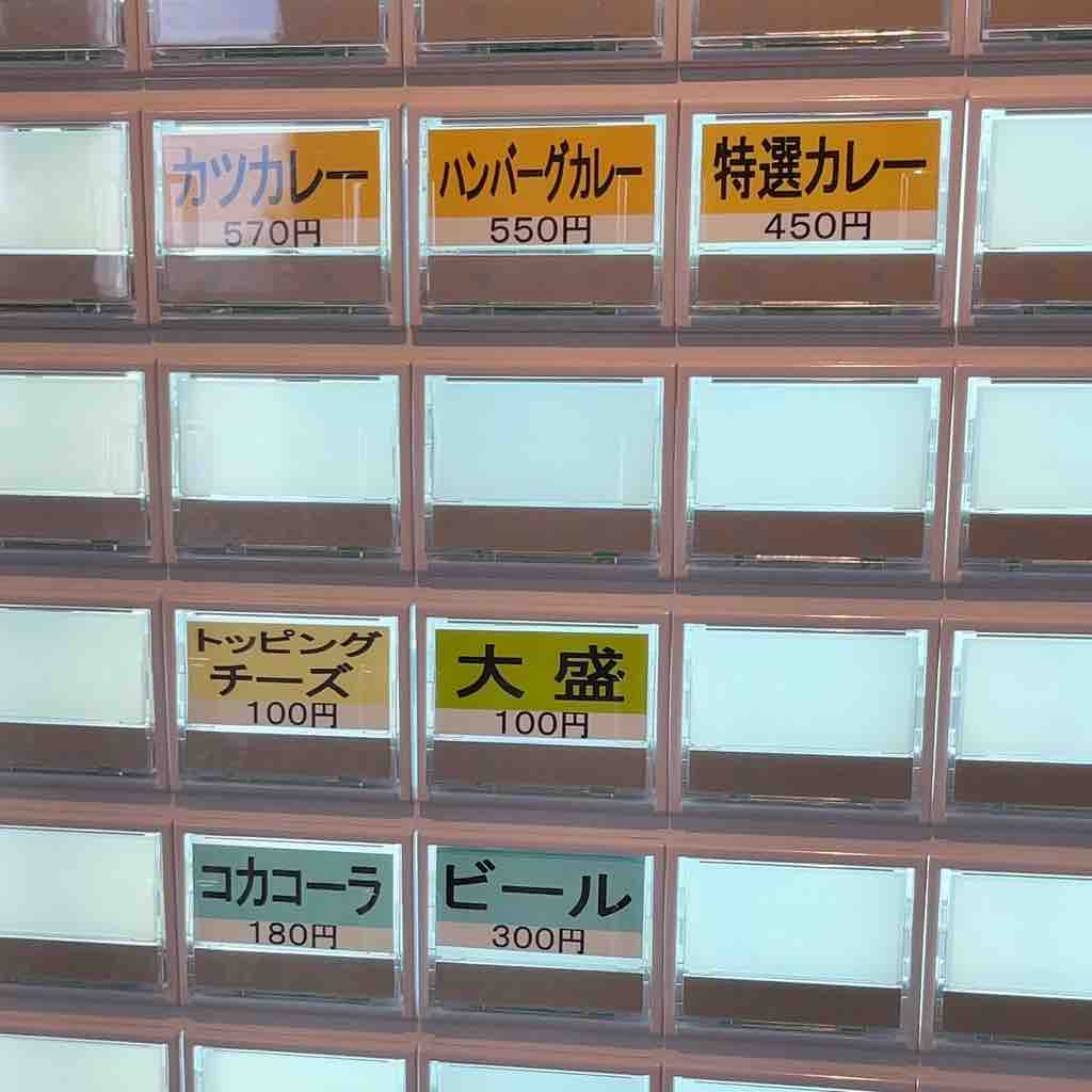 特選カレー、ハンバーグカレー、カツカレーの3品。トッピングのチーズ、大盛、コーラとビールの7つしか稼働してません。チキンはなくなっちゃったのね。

--*--

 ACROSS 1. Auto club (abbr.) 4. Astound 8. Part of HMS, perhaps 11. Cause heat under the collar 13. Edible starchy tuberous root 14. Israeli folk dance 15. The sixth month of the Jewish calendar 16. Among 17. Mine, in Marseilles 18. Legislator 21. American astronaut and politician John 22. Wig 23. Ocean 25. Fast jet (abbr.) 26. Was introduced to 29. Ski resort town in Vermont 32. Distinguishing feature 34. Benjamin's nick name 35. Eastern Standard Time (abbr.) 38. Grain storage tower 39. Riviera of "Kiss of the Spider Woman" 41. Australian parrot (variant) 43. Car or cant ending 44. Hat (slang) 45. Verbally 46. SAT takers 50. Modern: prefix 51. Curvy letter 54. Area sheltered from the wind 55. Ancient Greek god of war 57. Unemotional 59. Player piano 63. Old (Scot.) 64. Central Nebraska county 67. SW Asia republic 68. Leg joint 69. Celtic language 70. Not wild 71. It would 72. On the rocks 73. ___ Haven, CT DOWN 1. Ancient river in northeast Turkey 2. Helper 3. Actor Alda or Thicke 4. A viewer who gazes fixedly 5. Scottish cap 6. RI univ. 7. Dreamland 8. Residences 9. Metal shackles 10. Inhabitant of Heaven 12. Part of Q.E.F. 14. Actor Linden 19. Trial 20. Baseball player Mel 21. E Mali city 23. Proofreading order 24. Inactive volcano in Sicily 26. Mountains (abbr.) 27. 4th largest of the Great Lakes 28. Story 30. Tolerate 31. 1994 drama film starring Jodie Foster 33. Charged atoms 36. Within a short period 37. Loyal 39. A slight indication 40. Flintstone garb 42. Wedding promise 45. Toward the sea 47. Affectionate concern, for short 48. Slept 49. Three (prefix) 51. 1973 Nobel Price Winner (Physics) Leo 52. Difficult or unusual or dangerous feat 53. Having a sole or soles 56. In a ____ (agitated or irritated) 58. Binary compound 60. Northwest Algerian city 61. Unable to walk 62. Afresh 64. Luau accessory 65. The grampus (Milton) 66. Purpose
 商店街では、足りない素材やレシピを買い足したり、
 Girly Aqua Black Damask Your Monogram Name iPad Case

--*--

What to work on –
Taking the records above, retype every line from the one with "商店街では、足りない素材やレシピを買い足したり、" down to the one with "Girly Aqua Black", exactly and with nothing else.

Written response –
 商店街では、足りない素材やレシピを買い足したり、
 Girly Aqua Black Damask Your Monogram Name iPad Case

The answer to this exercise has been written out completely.